Steeltown Records was an American record company in Gary, Indiana. The company was founded in 1966 by William  Adams (a.k.a. Gordon Keith) and co-owned with Ben Brown (deceased), Maurice Rogers, Willie Spencer (deceased), and Lou "Ludie" D. Washington (deceased).  The record company was mostly active from 1966 to 1972. Steeltown gave the Jackson 5 their start in the music industry. The Jackson 5's first record was released on the Steeltown label in early 1968, before Motown signed the group in 1969.

Two Jackson 5 singles were recorded for Steeltown at a South Chicago recording studio in 1967, "Big Boy"/"You Changed" and "We Don't Have To Be Over 21 (to Fall in Love)"/"Jam Session". "Big Boy", Michael Jackson's first song, was released on January 31, 1968, by Gordon Keith, who was the manager and producer of the Jackson Five and their songs. "Big Boy" was played on Chicago-Gary area radio stations and became a local hit. The following March, Keith signed a contract with Atlantic Records to manufacture and distribute the "Big Boy"/"You Changed" record nationally.
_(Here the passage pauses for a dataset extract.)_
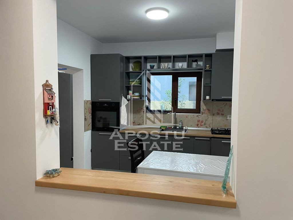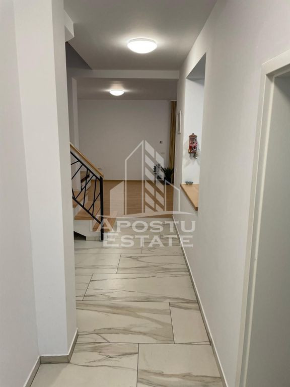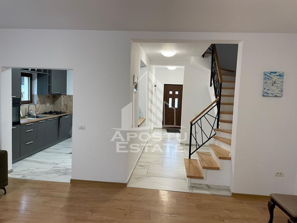 APOSTU ESTATE va propune spre inchiriere un Duplex spatios si elegant, cu 5 camere, situat intr-o zona linistita si bine conectata din Giroc, ideal pentru familii sau persoane care doresc un spatiu generos si confortabil. Suprafata utila: 140 mp Terasa de 15mp acopetita Gradina proprie de 80mp Compartimentare eficienta: La parterul duplexului se afla: Bucatarie complet mobilata si utilata, cu loc de luat masa Living luminos si spatios Camera secundara nemobilata – poate fi amenajata dupa preferinte (birou, dressing, camera copil etc.) Grup sanitar de serviciu dotat cu cabina de dus Terasa acoperita de 15mp La nivelul superior se afla: 3 Dormitoare complet mobilate Baie principala cu cada si geam pentru ventilatie naturala A doua baie cu cabina de dus Confort si facilitati: Centrala termica proprie pe gaz Aer conditionat Doua locuri de parcare in fata duplexului Duplexul l este complet mobilat si utilat Localizare: Zona Giroc – liniste, acces facil spre oras, in apropiere de magazine, scoli si mijloace de transport in comun. Ideal pentru: Familii Cupluri Profesionisti care lucreaza remote sau au nevoie de birou acasa Pret chirie: [1000 euro] Programeaza o vizionare! ID intern: CP2818151

Atco Records, a division of Atlantic Records in New York City, distributed several thousand Steeltown copies with the "Atlantic-Atco" record sleeve. Many of these vinyl records (45 rpm) are still in existence, as are some of the first "Big Boy" singles distributed in Gary by Steeltown. The Rock and Roll Hall of Fame and Museum owns one of the original Steeltown "Big Boy"/"You Changed" records (#681), and this single was on display there in 2010.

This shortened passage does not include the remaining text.